As shown by the disposition of the Texaco settlement monies, some of the constitutional funds mentioned in Section 10.5 will be credited with Settlement Monies, while others will not, depending upon the sources of the Settlement Monies.
Your second question pertains to the disposition of the Settlement Monies depending upon the amount of mineral revenues which have been received by the state. Five different factual situations are presented. Specifically, you ask: when the state receives a settlement(s) or judgment(s) resulting from the underpayment of severance taxes, royalty payments, bonus payments, or rentals, what is the disposition of these monies if, at the time of receipt, the mineral revenues as determined by Section 10.2, are less than $600 million including the judgment or settlement?
As set forth above, Section 10.2 requires the Treasurer to allocate mineral revenues to (1) the BSRF as provided in Section 9 (B); (2) political subdivisions as provided in Sections 4 (D) and (E); and (3) as provided by the requirements of Sections 10-A (the Conservation Fund) and 10.1 (the 8g Fund). Thereafter, the Treasurer is required to deposit mineral revenues as follows:
             "(B)(1) After making the allocations provided for in Paragraph (A), the treasurer shall then deposit in and credit to the Wetlands Conservation and Restoration Fund any amount of mineral revenues that may be necessary to insure that a total of five million dollars is deposited into such fund for the fiscal year from this source; provided that the balance of the fund which consists of mineral revenue from severance taxes, royalty payments, bonus payments, or rentals shall not exceed forty million dollars.
             (2) After making the allocations and deposits provided for in Paragraphs (A) and (B)(1) of this Section, the treasurer shall deposit in and credit to the Wetlands Conservation and Restoration Fund as follows:
             (a) Ten million dollars of the mineral revenues in excess of six hundred million dollars which remain after the allocations provided for in Paragraph (A) are made by the treasurer.
             (b) Ten million dollars of the mineral revenues in excess of six hundred fifty million dollars which remain after the allocations provided in Paragraph (A) are made by the treasurer.
             However, the balance of the funds which consists of mineral revenues from severance taxes, royalty payments, bonus payments, or rentals shall not exceed forty million dollars."

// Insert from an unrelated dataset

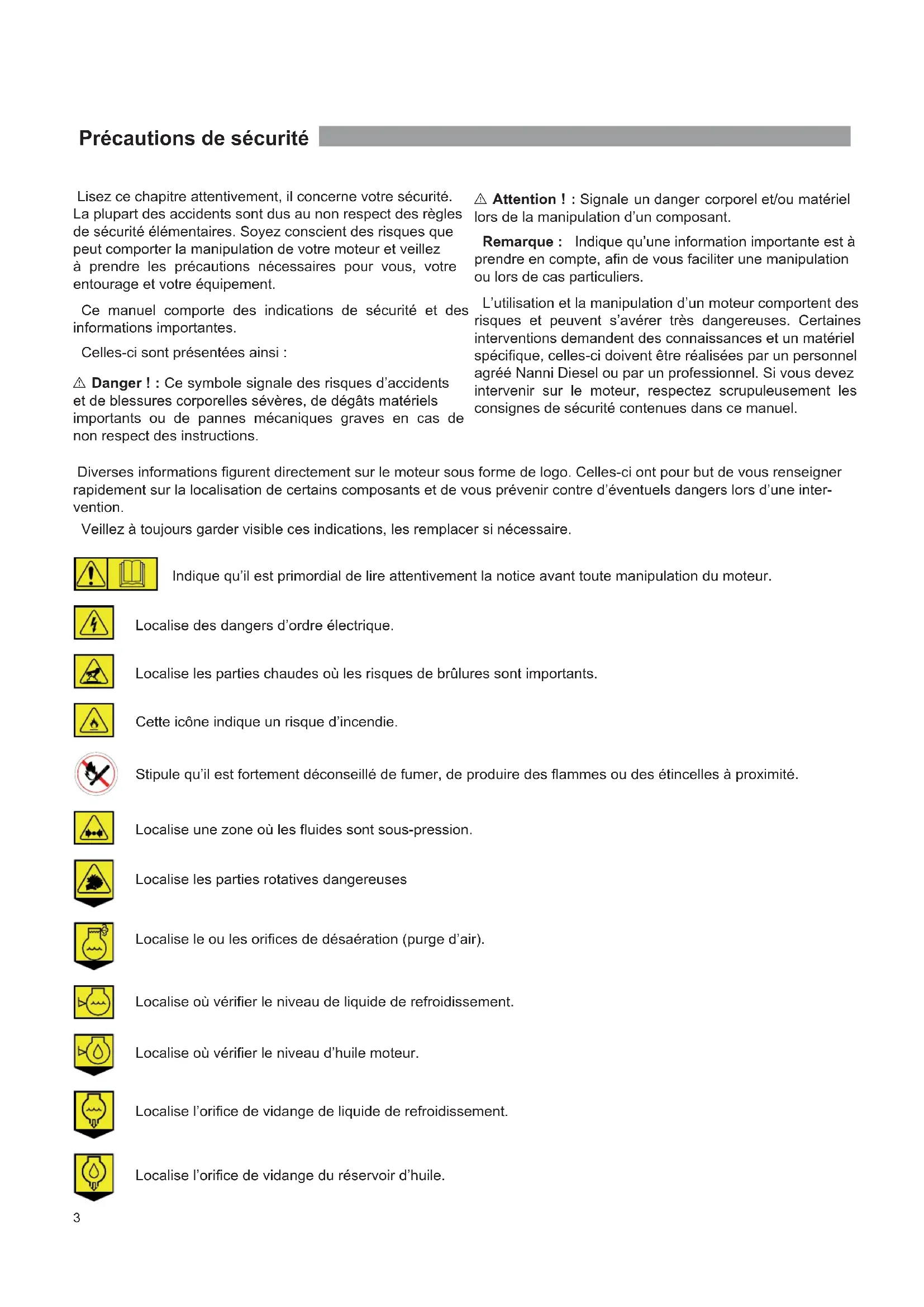 - Caractéristiques techniques Précautions de sécurité Lisez ce chapitre attentivement, il concerne votre sécurité. La plupart des accidents sont dus au non respect des règles de sécurité élémentaires. Soyez conscient des risques que peut comporter la manipulation de votre moteur et veillez à prendre les précautions nécessaires pour vous, votre entourage et votre équipement. Ce manuel comporte des indications de sécurité et des informations importantes. Celles-ci sont présentées ainsi : I Danger ! : Ce symbole signale des risques d’accidents et de blessures corporelles sévères, de dégâts matériels importants ou de pannes mécaniques graves en cas de non respect des instructions. I Attention ! : Signale un danger corporel et/ou matériel lors de la manipulation d’un composant. Remarque : Indique qu’une information importante est à prendre en compte, afin de vous faciliter une manipulation ou lors de cas particuliers. L’utilisation et la manipulation d’un moteur comportent des risques et peuvent s’avérer très dangereuses. Certaines interventions demandent des connaissances et un matériel spécifique, celles-ci doivent être réalisées par un personnel agréé Nanni Diesel ou par un professionnel. Si vous devez intervenir sur le moteur, respectez scrupuleusement les consignes de sécurité contenues dans ce manuel. Diverses informations figurent directement sur le moteur sous forme de logo. Celles-ci ont pour but de vous renseigner rapidement sur la localisation de certains composants et de vous prévenir contre d’éventuels dangers lors d’une inter- vention. Veillez à toujours garder visible ces indications, les remplacer si nécessaire. Localise où vérifier le niveau de liquide de refroidissement. Indique qu’il est primordial de lire attentivement la notice avant toute manipulation du moteur. Localise des dangers d’ordre électrique. Localise les parties chaudes où les risques de brûlures sont importants. Cette icône indique un risque d’incendie. Stipule qu’il est fortement déconseillé de fumer, de produire des flammes ou des étincelles à proximité. Localise une zone où les fluides sont sous-pression. Localise les parties rotatives dangereuses Localise le ou les orifices de désaération (purge d’air). Localise où vérifier le niveau d’huile moteur. Localise l’orifice de vidange de liquide de refroidissement. Localise l’orifice de vidange du réservoir d’huile. 3I Gaz d’échappement Les gaz d’échappement contiennent du monoxyde de carbone. Ce gaz incolore et inodore est extrêmement nocif et peut entrainer un empoisonnement pouvant causer des pertes de conscience ou la mort. Les premiers symptômes d’une intoxication au monoxyde de carbone sont les suivants : p. 30

The Treasurer is required by Section 10.2 (B) (1) to credit $5 million of mineral revenues to the Wetlands Fund every fiscal year, provided that the balance in the fund from mineral revenues does not exceed $40 million. The Treasurer is not authorized to credit the Wetlands Fund with the additional $10 million payments required by Sections 10.2 (B)(2)(a) and (b), unless and until mineral revenues are actually received by the State in excess of $600 and $650 million, respectively. Then and only then is the Treasurer authorized to credit the additional $10 million amount(s) to the Wetlands Fund. The Treasurer must, therefore, make a factual determination, as of the date that the Settlement Monies are received by the State, as to the amount of mineral revenues that have actually been received by the State. Of course, this determination is only required if there are available unallocated Settlement Monies after those monies are credited and/or allocated to BSRF, the political subdivisions, the Conservation Fund, and the 8g Fund.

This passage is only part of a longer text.